Data excerpts:
______________________________

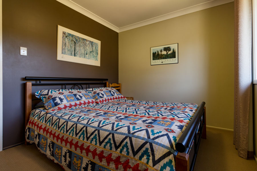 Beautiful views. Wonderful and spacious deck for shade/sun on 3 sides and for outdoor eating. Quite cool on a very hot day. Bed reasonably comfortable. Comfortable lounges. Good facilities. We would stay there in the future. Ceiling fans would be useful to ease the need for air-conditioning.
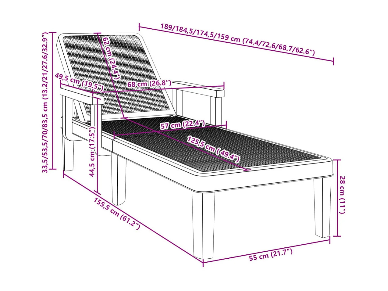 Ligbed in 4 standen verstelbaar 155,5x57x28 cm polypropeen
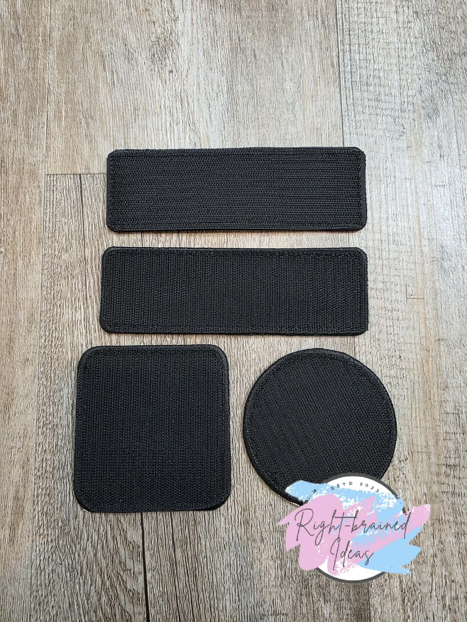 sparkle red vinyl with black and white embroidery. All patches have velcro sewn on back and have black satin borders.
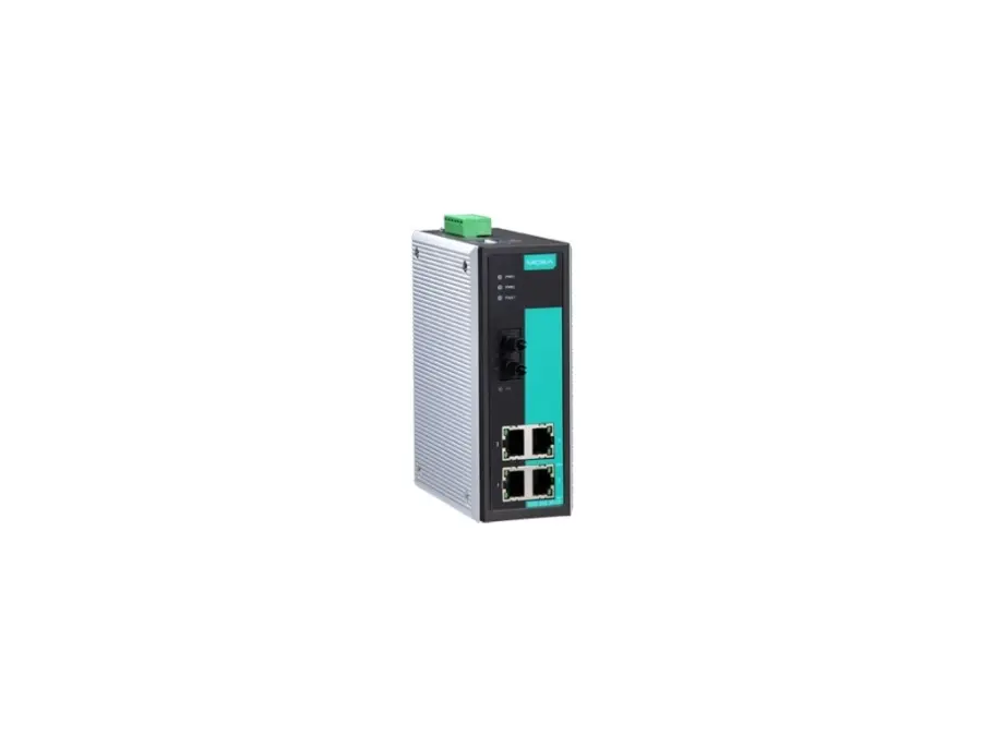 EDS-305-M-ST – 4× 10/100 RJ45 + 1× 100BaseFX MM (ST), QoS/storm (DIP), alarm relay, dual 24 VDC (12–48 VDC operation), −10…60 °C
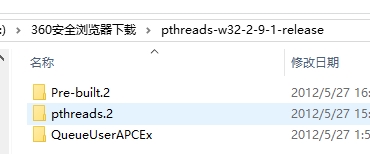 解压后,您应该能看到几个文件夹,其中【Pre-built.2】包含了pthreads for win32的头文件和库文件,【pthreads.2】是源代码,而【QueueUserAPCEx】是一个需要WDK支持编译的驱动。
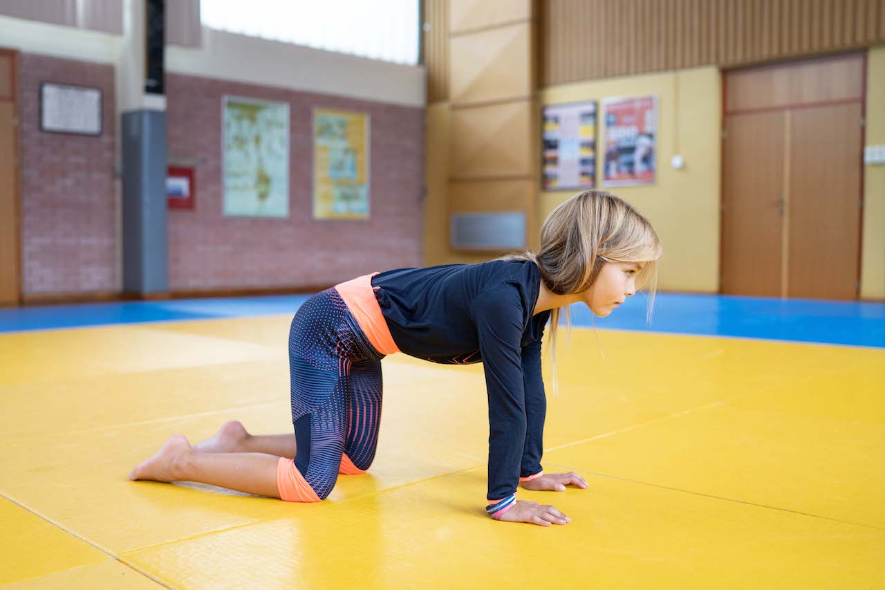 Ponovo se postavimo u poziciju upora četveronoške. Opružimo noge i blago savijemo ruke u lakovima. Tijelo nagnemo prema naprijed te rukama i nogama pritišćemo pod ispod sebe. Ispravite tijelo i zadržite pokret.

______________________________

REQUIREMENT: An exact reproduction of every record above is required, with no pictures included.

YOUR SOLUTION:
 Beautiful views. Wonderful and spacious deck for shade/sun on 3 sides and for outdoor eating. Quite cool on a very hot day. Bed reasonably comfortable. Comfortable lounges. Good facilities. We would stay there in the future. Ceiling fans would be useful to ease the need for air-conditioning.
 Ligbed in 4 standen verstelbaar 155,5x57x28 cm polypropeen
 sparkle red vinyl with black and white embroidery. All patches have velcro sewn on back and have black satin borders.
 EDS-305-M-ST – 4× 10/100 RJ45 + 1× 100BaseFX MM (ST), QoS/storm (DIP), alarm relay, dual 24 VDC (12–48 VDC operation), −10…60 °C
 解压后,您应该能看到几个文件夹,其中【Pre-built.2】包含了pthreads for win32的头文件和库文件,【pthreads.2】是源代码,而【QueueUserAPCEx】是一个需要WDK支持编译的驱动。
 Ponovo se postavimo u poziciju upora četveronoške. Opružimo noge i blago savijemo ruke u lakovima. Tijelo nagnemo prema naprijed te rukama i nogama pritišćemo pod ispod sebe. Ispravite tijelo i zadržite pokret.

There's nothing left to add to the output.